There are only a handful of passages in the Bible that directly mention homosexuality – but they are quite explicit. Where the Bible mentions homosexual behavior at all, it clearly condemns it. In the bible it is referred to as “Sodomy” which is variously defined as “sexual intercourse involving anal or oral copulation.” However, it can be described: Sodomy (or buggery in British English) is “generally anal or oral sex between people or sexual activity between a person and a non-human animal (bestiality), but it may also mean any non-procreative sexual activity.” The definition is imprecise. A sodomy law is a law that defines certain sexual acts as crimes. The precise sexual acts meant by the term sodomy are rarely spelled out in the law, but are typically understood by courts to include any sexual act deemed to be “unnatural” or immoral. Sodomy typically includes anal sex, oral sex, and bestiality. Bestiality is typically defined as: “sexual intercourse between a person and an animal.” but may include: “savagely cruel or depraved behavior.”

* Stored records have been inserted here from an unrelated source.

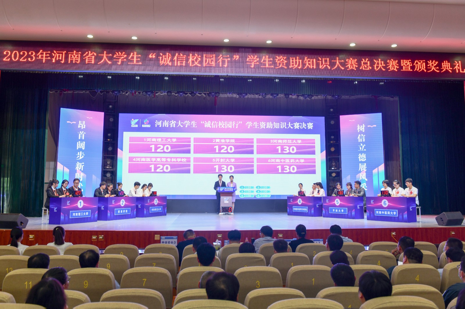 此次河南省大学生“诚信校园行”学生资助知识大赛以“昂首阔步新时代 树信立德展风采”为主题,自活动启动以来,全省高校积极响应、精心组织,参与学生190万余人次。全省156支高校代表队分7个分赛区,进行了49场复赛,36支队伍脱颖而出,跻身全省总决赛。
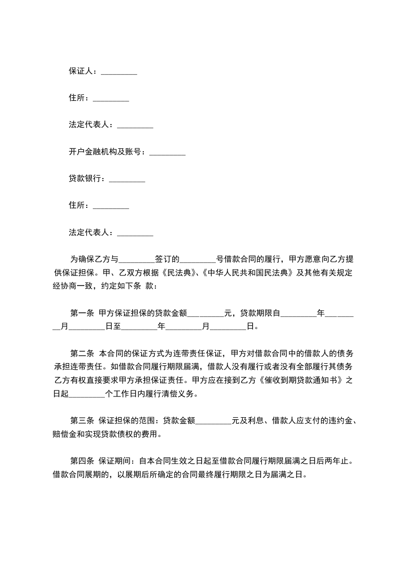 第九条担保人:为确保借款人正当履行还款义务,担保人自愿以其所有权并有权处分权的全部财产担保给贷款人,作为借款人归还借款的担保。
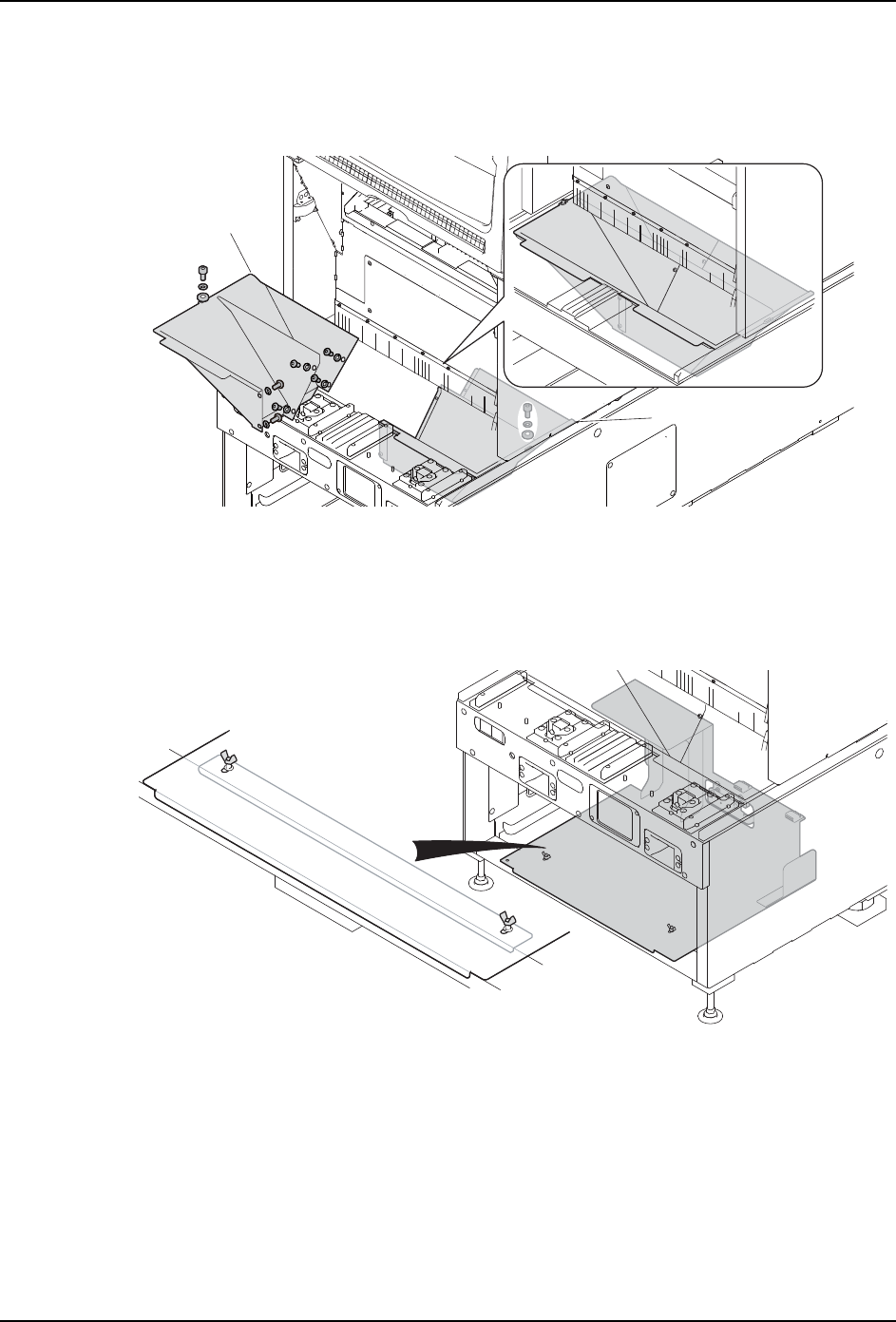 e. 请将元件排出箱的台座安装在盖板的上部,设置元件排出箱。

Old Testament – 2. Leviticus 18 and 20
Leviticus contains two well known statements about homosexual activity:
You shall not lie with a male as with a woman; it is an abomination.
Leviticus 18:22
And:
If a man lies with a male as with a woman, both of them have committed an abomination; they shall surely be put to death; their blood is upon them.
Leviticus 20:13
“An abomination” is often used to describe idolatry, and some suggest these verses are not condemning homosexual behaviour in general, but only the cultic prostitution connected to pagan temples. It is also often claimed that the fact that these prohibitions appear in a book full of other laws which Christians do not think they are expected to follow today suggests that they should not be taken as having abiding moral relevance. But to take the first objection, the language used is not that specific; it refers to lying with a man “as with a woman,” – that is, in very general terms. Secondly, the surrounding verses in each instance describe other forms of sexual sin (such as incest, adultery and bestiality), none of which is anything to do with pagan temples or idolatry, and which we would take as being applicable to Christians today. It is moral, rather than just pagan religious behaviour that’s in view. Furthermore, Leviticus 20:13 highlights both male parties equally, again suggesting general, consensual homosexual activity (as opposed to gay rape or a forced relationship).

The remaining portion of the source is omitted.